Spark Version: 4.0.2
Master: local[*]
App Name: SparkFlow_Ecommerce_Pipeline


Environment Choice: Google Colab with PySpark

This project uses Google Colab with PySpark installed via pip. Spark runs in local mode (local[*]), simulating the Driver and Executors on a single machine. This setup allows development and demonstration of Spark architecture, transformations, Spark SQL, and distributed processing concepts without requiring cluster provisioning.

Spark Version: 4.0.2
Execution Mode: local[*]

What role does the Driver play?

The Driver is the control center of a Spark application.

It:

Creates the SparkSession

Defines transformations and builds the DAG (Directed Acyclic Graph)

Communicates with the Cluster Manager to request resources

Schedules tasks to Executors

Collects results from Executors when actions are triggered

In local mode (local[*]), the notebook process acts as the Driver.

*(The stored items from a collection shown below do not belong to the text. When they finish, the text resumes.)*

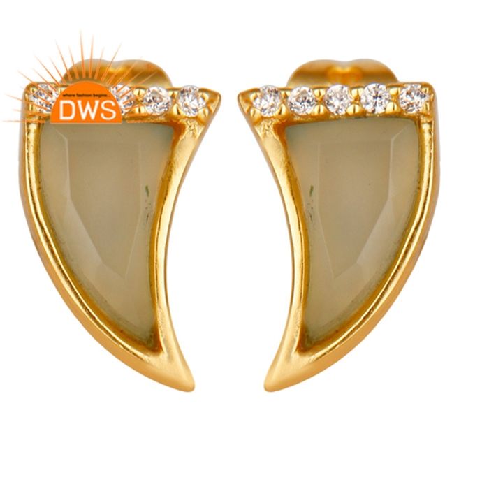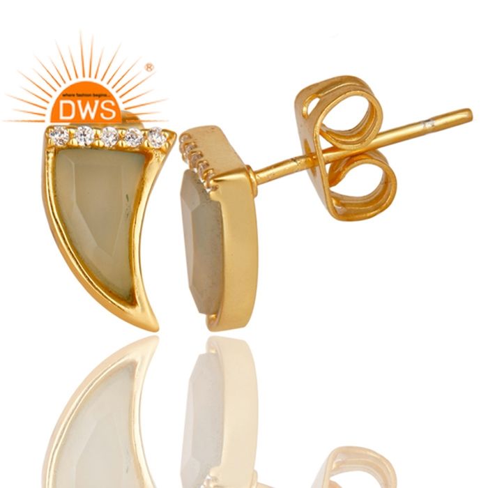 Yellow Gold Plated Sterling Silver Stud Earring Jewelry Horn Design Aqua Chalcedony CZ Gemstone Earring Jewelry Supplier
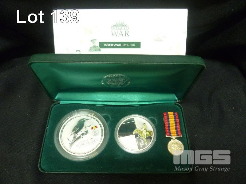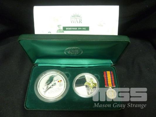 THE PERTH MINT, COIN & MEDALLION TRIBUTE SERIES, SILVER PROOF COLOURED COINS & MEDALLION, AUSTRALIANS AT WAR, BOER WAR 1899-1902, BOER WAR PRIVY MARK COIN 2oz PURE SILVER, BOER WAR MEDALLION 1oz SILVER, QUEENS SOUTH AFRIKA MEDAL, 651/1000
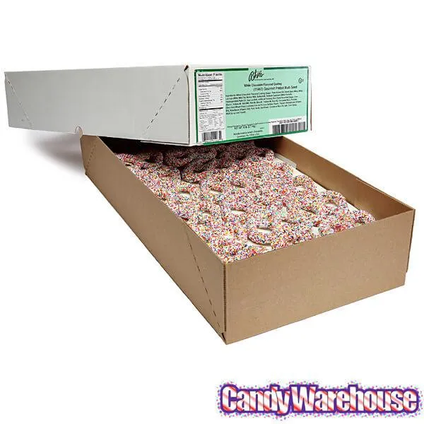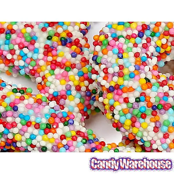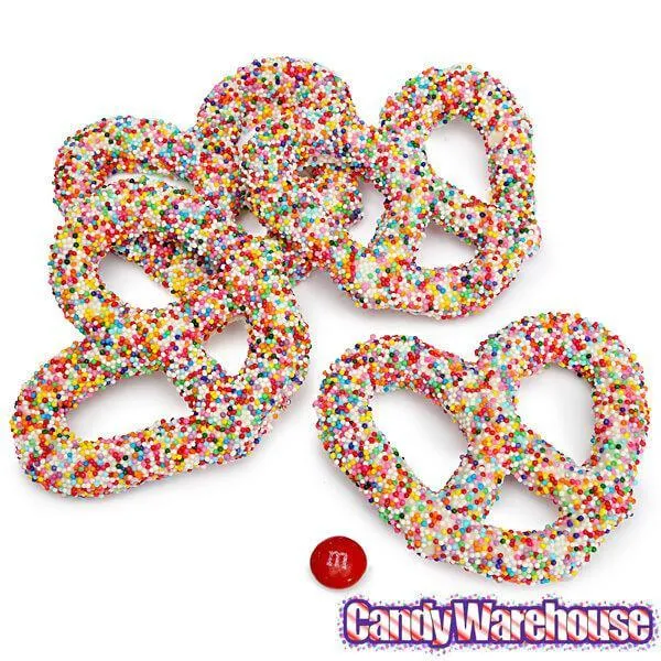 Colorful, tiny candy balls adorn these white chocolate coated pretzels. Cute and delicious!
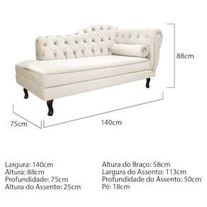 Especificações Técnicas do Kit Recamier Diana 140cm Lado Esquerdo e 01 Poltrona Classic:
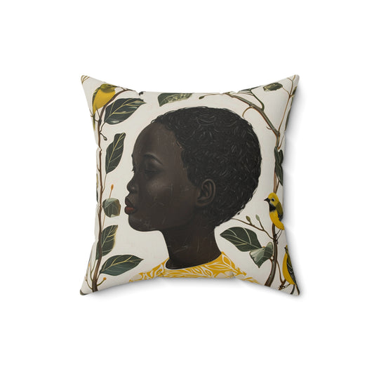 Black Woman, Yellow Bird & Flowers Art | Square Pillow with Zipper | 4 sizes
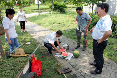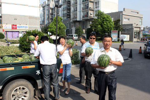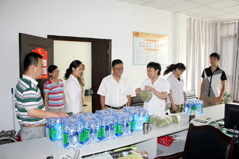 由于防暑降温经费有限,为了能购买到更多的防暑降温物品,领导班子亲自到市场多方比价,挑选购买价廉物美的防暑降温物品,将西瓜、矿泉水、绿豆、花露水、风油精、人丹等亲自送到基层各单位一线员工手中。
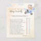 Adicione diversão e risos ao seu chá com este jogo de chá de fraldas de Espera Rápida: Quem conhece Mamães ou Pais? Apresentando um doce design de aquarela de um ursinho voando um avião através das nuvens, este jogo de chá de fraldas neutro em termos de gênero corresponde perfeitamente ao resto da coleção de Espera Rápida. Fácil de personalizar e impressão — uma atividade memorável para convidados.
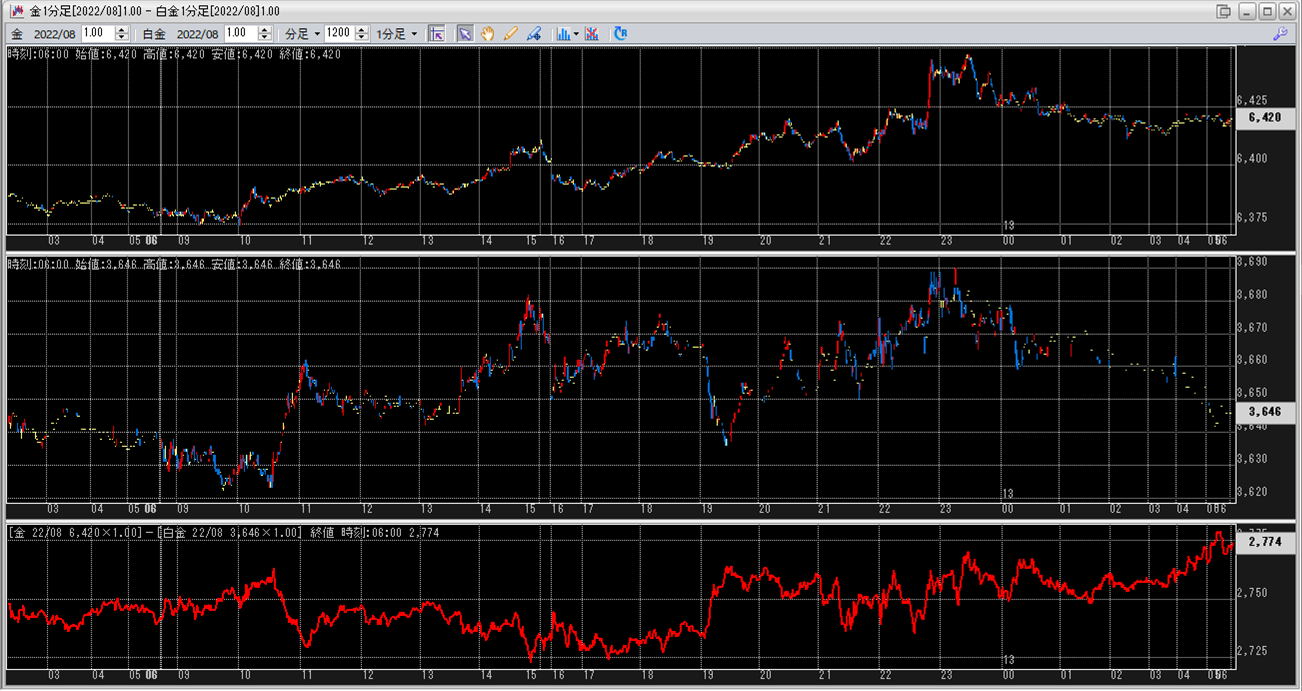 上:大阪取引所 金 2022年8月限 1分足
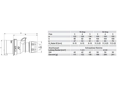 vidlice 4-pólová, 16A / 400V, 6h, IP44, bezšroubová TURBO TWIST

What are Executors, and why are they long-lived?

Executors are worker processes that:

Execute tasks sent by the Driver

Store data in memory (caching/persisting)

Handle shuffle operations

Return results back to the Driver

They are long-lived because:

Starting/stopping processes repeatedly is expensive

Keeping executors alive allows caching intermediate results

Reduces overhead and improves performance

In local mode, executor threads run within the same machine.

What is a Cluster Manager, and how does Spark interact with it?

A Cluster Manager is responsible for allocating computing resources.

Examples:

Standalone

YARN

Kubernetes

Databricks-managed clusters

Spark Driver requests resources (CPU, memory) from the Cluster Manager.
The Cluster Manager launches Executors on available nodes.

In this Colab setup:
There is no external cluster manager — Spark runs in local mode.

In [7]:
from pyspark.sql import functions as F

data = spark.range(1, 1000000)

transformed = data.filter(F.col("id") % 2 == 0)

print("Transformation defined. No execution yet.")

# Now trigger execution
count_result = transformed.count()

print("Count of even numbers:", count_result)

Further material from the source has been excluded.